Eu tenho um amigo que fala obéso. Ele também adora comer uma alface quando chega a casa. E, não, ele não é português; ele só é estranho mesmo.


----------



## Istriano

Ele é um vestibulando?


----------



## Ariel Knightly

Istriano said:


> Ele é um vestibulando?


Não, mas deu aula de português para concurso por muitos anos. Ele é inteligente e não fala desse jeito excêntrico por ingenuidade, sabe. Ele tem consciência do que realmente é padrão e do que não é, mas esse falar original já virou uma espécie de assinatura dele. Quando dava aula para concurso, ele sempre explicava para seus alunos que seu curso não seria sobre norma culta de verdade, e sim sobre um tipo de "ficção científica".


----------



## uchi.m

Ariel Knightly said:


> Quando dava aula para concurso, ele sempre explicava para seus alunos que seu curso não seria sobre norma culta de verdade, e sim sobre um tipo de "ficção científica".


Que não deixa de ser verdade, porque ninguém _fala _norma culta de verdade. E se não falam norma culta, ela não é natural.





Ariel Knightly said:


> Recentemente Eri Johnson participou do programa _Amor e Sexo_.   Tudo vai muito bem quando, ao ser perguntado sobre o que diria a uma   mulher numa determinada situação, o ator responde que diria "Libera o   alface, vai!".

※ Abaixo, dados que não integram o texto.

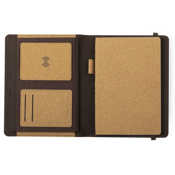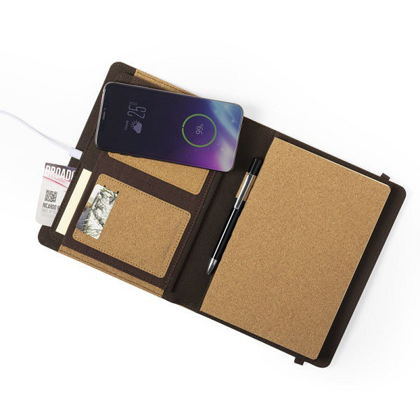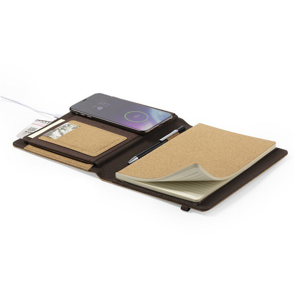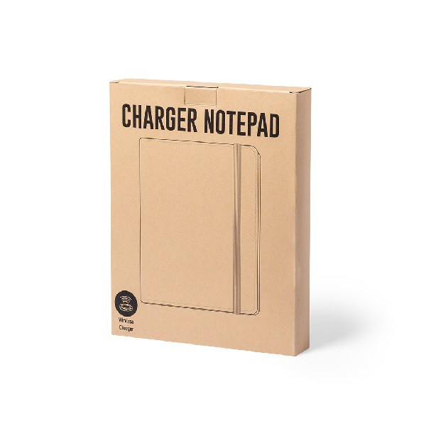 Bloc de notas de línea ECO natural con cargador inalámbrico integrado.

Desculpa a ignorância, mas o que é _alface_?  É aquela verdura que a mãe manda a gente comer no almoço senão não ganha sobremesa?


----------



## Istriano

É isso mesmo.


----------



## uchi.m

Aah bão, eu já tava pensando bestêra


----------



## Vanda

Com respeito à essa ''forçação'' (desculpem meu francês!), estava lendo outro dia uma revista especializada e o autor explicava isso mesmo, sobre o esforço para usar uma palavra como manda a prescrição, sendo que, sem policiamento, a usaríamos de outra forma. Mas como não estou na minha casa, não tenho como procurar qual era o exemplo usado. Como o Ariel bem determinou no primeiro post, pessoas letradas com bom domínio linguístico têm que se policiar para adaptarem-se à norma imposta, em vez de usar aquela que soa natural aos nativos.


----------



## Ariel Knightly

Vanda said:


> Com respeito à essa ''forçação'' (desculpem meu francês!), estava lendo outro dia uma revista especializada e o autor explicava isso mesmo, sobre o esforço para usar uma palavra como manda a prescrição, sendo que, sem policiamento, a usaríamos de outra forma. Mas como não estou na minha casa, não tenho como procurar qual era o exemplo usado. Como o Ariel bem determinou no primeiro post, pessoas letradas com bom domínio linguístico têm que se policiar para adaptarem-se à norma imposta, em vez de usar aquela que soa natural aos nativos.


Esse texto deve ser bastante interessante. Espero que você chegue logo a* casa.

*


uchi.m said:


> Que não deixa de ser verdade, porque ninguém _fala _norma  culta de verdade.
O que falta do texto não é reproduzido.